Tambopaxi: In that case you may want to check out how the TSBE decided to eliminate direct references to the Enlightenment and Thomas Jefferson:
http://tfninsider.org/2010/03/11/blogging-the-social-studies-debate-iv/

Defensores de Democracia said...

Texas could gain four seats in the House of Representatives. Two in Heavily Latino Districts.



Atlanta Journal-Constitution : Gay marriage, Immigration and the Census - Georgia can win two seats in the House, Texas four seats

It would be a horrible squandering of resources if people do not give accurate information, all the information asked should be completed.

States should do an effort for good information, specially those that gain a lot from the Census ( Seats in the House and Federal Money )

For their own benefit, the Poor and Minorities should help the Census Officials to achieve exactitude, accuracy and perfection in counting people, ages, etc ....


Atlanta Journal-Constitution
Taking the national count

By Bill Steiden
Sources: U.S. Census Bureau, Associated Press, Minneapolis Star-Tribune, New York Times, Brookings Institution, Chicago Tribune, U.S. House of Representatives, Georgia Legislature, San Francisco Chronicle, Washington Post

Taking the national count :

http://www.ajc.com/news/taking-the-national-count-350028.html


Some excerpts

Gay marriage. In 2000, when there was no legal gay marriage in the United States, the census simply changed those who listed themselves as same-sex spouses to “unmarried partners.” Now that several states offer gay marriage, the census will count married same-sex partners for the first time. However, some gay and lesbian couples who would be married if they could be in their home states may list themselves as spouses even if they officially aren’t. That could throw off the count.

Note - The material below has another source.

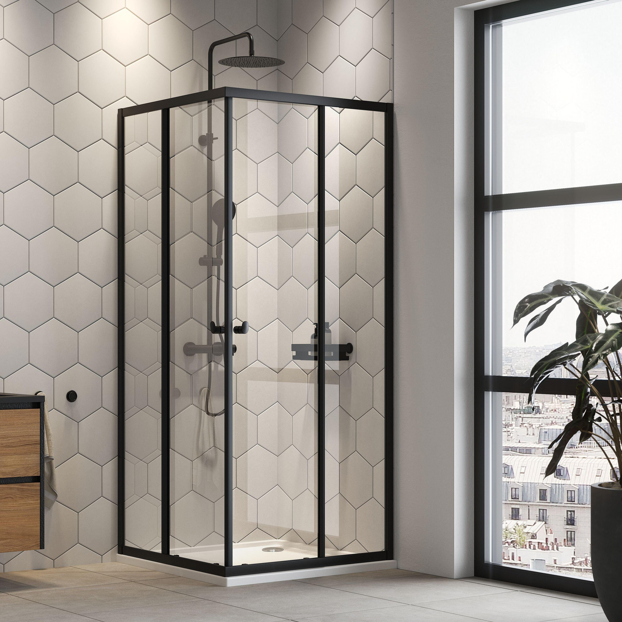 Vous recherchez une solution de douche d’angle élégante et pratique, sans devoir sacrifier de l’espace et du confort ? Cet accès d’angle en quatre parties avec portes coulissantes est idéal pour les salles de bains de taille moyenne à compacte dans lesquelles vous souhaitez utiliser intelligemment l’espace disponible. La combinaison de verre de sécurité clair et d’une finition noire mate crée un look moderne et épuré qui s’intègre parfaitement aussi bien dans des intérieurs industriels que minimalistes. Grâce à la paroi de douche haute, votre espace de douche paraît spacieux et luxueux, tandis que l’accès pratique et les portes coulissantes fluides rendent l’utilisation quotidienne particulièrement confortable. Le verre de sécurité avec revêtement spécial facilite le nettoyage, ce qui rend ce produit particulièrement adapté à ceux qui aiment garder une salle de bains impeccable sans vouloir passer beaucoup de temps à frotter chaque jour.

Illegal immigrants. By some estimates, Georgia in the decade just ended had the nation’s fastest-growing population of illegal immigrants. The census deliberately avoids asking people about their immigration status. The reasoning is that people who are in the country illegally will avoid participating in the census if they know they’ll be asked about their status. And for planning purposes, it’s vital to know how many people live in a particular place, no matter where they came from. Also, under current laws, the children born in this country of illegal immigrants are citizens, entitled to rights and government services even if their parents aren’t.

But that poses a problem for the census’ original purpose — apportioning political representation — because many people feel that a voting district full of people who are there in defiance of immigration laws shouldn’t have a numbers advantage over one that is mainly made up of native-born and naturalized citizens.

Distrust of government. Any big, expensive federal effort to gather details about people is naturally the target of some suspicion, and at a time when anti-Washington sentiment is running particularly high, people may deliberately refuse to participate in the census.

Even some government officials are balking. Rep. Michele Bachmann (R-Minn.) has announced that because the Constitution only calls for an enumeration — not the more detailed information the census gathers — she and her family will simply list the number of people in their household and will leave the other questions blank.

The census’ counterargument is that gathering the additional information makes government more effective by allowing it to target aid and programs and plan facilities where they will do the most good. Also, it notes that the individual identifying information on census forms — such as names and the address where it was filled out — is off limits to the public for 72 years, meaning any such information gathered this year could not be accessed until 2082.

There is a law requiring people to fill out their census forms, and violating it carries a fine. But enforcement could cause a backlash that would make matters even worse.

Youth, Minorities, Politics :

Milenials.com

Vicente Duque

Anonymous said...

As whites become the minority, as they already are in Texas, they must accept minority status and their history becomes secondary to the new Latino majority.